> [Data in this exercise]:
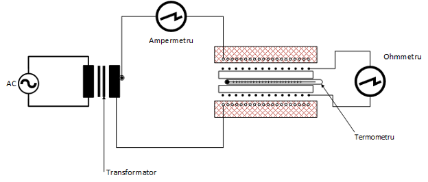 Figura 1. Circuitul utilizat pentru măsurarea rezistenței metalului în funcție de temperatură
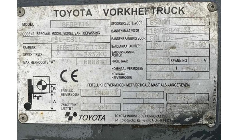 2012 Toyota 8FBET16 elektrische heftruck met 4901uur
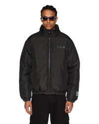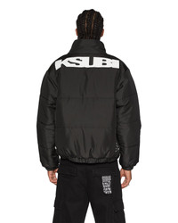 The Sott Puffer Jacket Black features a boxy fit with a zip-through front, zip-up pockets, wadded ribs, and elastic cuffed sleeves. Made from black European ripstop nylon with midweight internal wadding, it showcases a raised rubber Sign Of the Times logo on the back shoulder and front chest, finished with T-box and 4x4 branding in raised rubber. FEATURES, SIZE & FIT - Regular fit puffer jacket - Reversible fit - Wadded body - Zip through front closure - Welted pockets - Regular length - 4x4 cross embroidery - Ksubi t-box branding - Ksubi sleeve tag - Ksubi branded hardware - No stretch - 100% polyester - Size M length: 71cm / 28" - Model is wearing a size 30/m, height 181cm / 6'0", chest 88cm, waist 80cm, hip 86cm - Do not wash, spot clean with damp cloth as required, do not bleach, do not tumble dry, cool iron if needed, do not iron directly onto prints or hardware, dry cleanable - MPS25JK003
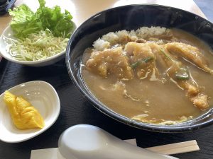 こちらが新しいカレー粉で作ったカツカレーうどんです。
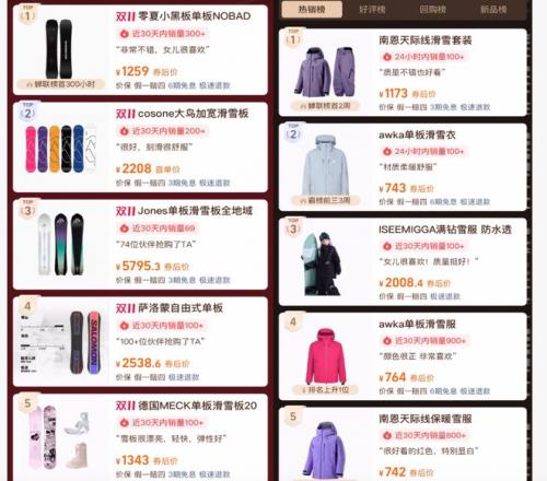 在今年某购物平台“双十一”的滑雪装备热销榜中,滑雪板与滑雪服位列最受欢迎的前十名,成为大众消费的热点。目前,滑雪板的普遍价格在2000元左右,而滑雪服则多在500至1000元区间。
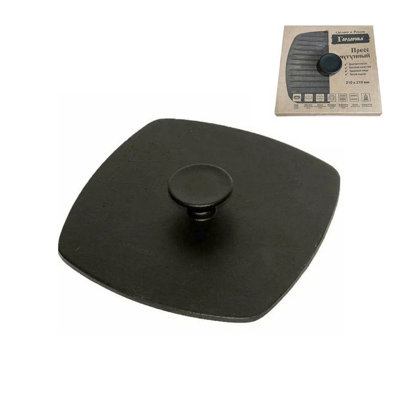 Чугунная тяжелая крышка-пресс незаменимая помощница сковороды-гриль. Используется для приготовления стейков из мяса или рыбы, овощей на гриле, цыпленка табака.

> [Task]:
Here the records must be restated exactly, minus any images.

> [Result of this task]:
 Figura 1. Circuitul utilizat pentru măsurarea rezistenței metalului în funcție de temperatură
 2012 Toyota 8FBET16 elektrische heftruck met 4901uur
 The Sott Puffer Jacket Black features a boxy fit with a zip-through front, zip-up pockets, wadded ribs, and elastic cuffed sleeves. Made from black European ripstop nylon with midweight internal wadding, it showcases a raised rubber Sign Of the Times logo on the back shoulder and front chest, finished with T-box and 4x4 branding in raised rubber. FEATURES, SIZE & FIT - Regular fit puffer jacket - Reversible fit - Wadded body - Zip through front closure - Welted pockets - Regular length - 4x4 cross embroidery - Ksubi t-box branding - Ksubi sleeve tag - Ksubi branded hardware - No stretch - 100% polyester - Size M length: 71cm / 28" - Model is wearing a size 30/m, height 181cm / 6'0", chest 88cm, waist 80cm, hip 86cm - Do not wash, spot clean with damp cloth as required, do not bleach, do not tumble dry, cool iron if needed, do not iron directly onto prints or hardware, dry cleanable - MPS25JK003
 こちらが新しいカレー粉で作ったカツカレーうどんです。
 在今年某购物平台“双十一”的滑雪装备热销榜中,滑雪板与滑雪服位列最受欢迎的前十名,成为大众消费的热点。目前,滑雪板的普遍价格在2000元左右,而滑雪服则多在500至1000元区间。
 Чугунная тяжелая крышка-пресс незаменимая помощница сковороды-гриль. Используется для приготовления стейков из мяса или рыбы, овощей на гриле, цыпленка табака.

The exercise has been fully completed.